Karl Kuchler's group is investigating the molecular basis of host immunity against infection by pathogenic fungi and their resistance mechanisms. The lab is particularly interested in deciphering the molecular signaling processes that lead to excessive inflammatory immune reactions in the innate or adaptive immune defense system. They employ systems biology approaches to gain a better understanding of the dynamics of host-pathogen interactions. The aim of their work is to identify novel approaches to the treatment of microbial infections. Karl Kuchler obtained his PhD in Biochemistry from the Technical University of Graz. He did postdoctoral research at the Austrian Academy of Sciences in Salzburg, the University of California in Berkeley, USA, and at the University of Edmonton in Alberta, Canada. He started his research group at the Vienna BioCenter in the then Medical Faculty of the University of Vienna in 1992 and was a founding member of the Max Perutz Labs.
The lab of Thomas Leonard is interested in understanding the basic principles that govern the flow of information in cells. In particular, his team studies how lipids control the activity of signaling enzymes, including kinases and phosphatases, and how these mechanisms are dysregulated in disease. Thomas Leonard studied Biochemistry at the University of Bristol (UK) before obtaining a PhD in Structural Biology at the MRC Laboratory of Molecular Biology in Cambridge (UK).

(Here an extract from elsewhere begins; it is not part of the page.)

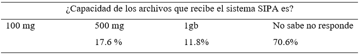La gran mayoría, el 70% de los encuestados, dice no saber la capacidad de almacenamiento del sistema SIPA, que, en general es amigable con el usuario, pero no cuenta con web-bot.

He moved to the USA in 2005 as an EMBO postdoctoral fellow at the National Institutes of Health in Bethesda, MD and started his own lab at the Max Perutz Labs in 2012. He is the Curriculum Director of the Master’s program ‘Molecular Precision Medicine’, a joint program of the University of Vienna and the Medical University of Vienna dedicated to an understanding of human pathogenesis and the treatment of disease at a molecular level.
Thomas Juffmann’s interdisciplinary team of biologists and physicists works on improving the sensitivity of microscopy systems. In every image taken through a light or electron microscope the number of detected photons or electrons is finite. This leads to noise and consequently limits the resolution and sensitivity of the microscope. The team tries to maximize the information obtained per detected probe particle in microscopy techniques commonly used in structural and cellular biology (such as phase microscopy, interferometric scattering microscopy, or transmission electron microscopy). This is achieved using wave-front shaping techniques, cavity enhancement, or quantum metrology techniques. Thomas Juffmann did his PhD on molecular quantum optics at the University of Vienna and then carried out postdoctoral work at Stanford University (USA) from 2013 to 2016. He joined the École normale supérieure Paris (France) as a HFSP fellow and started his lab at the Max Perutz Labs and the Faculty of Physics of the University of Vienna in 2018.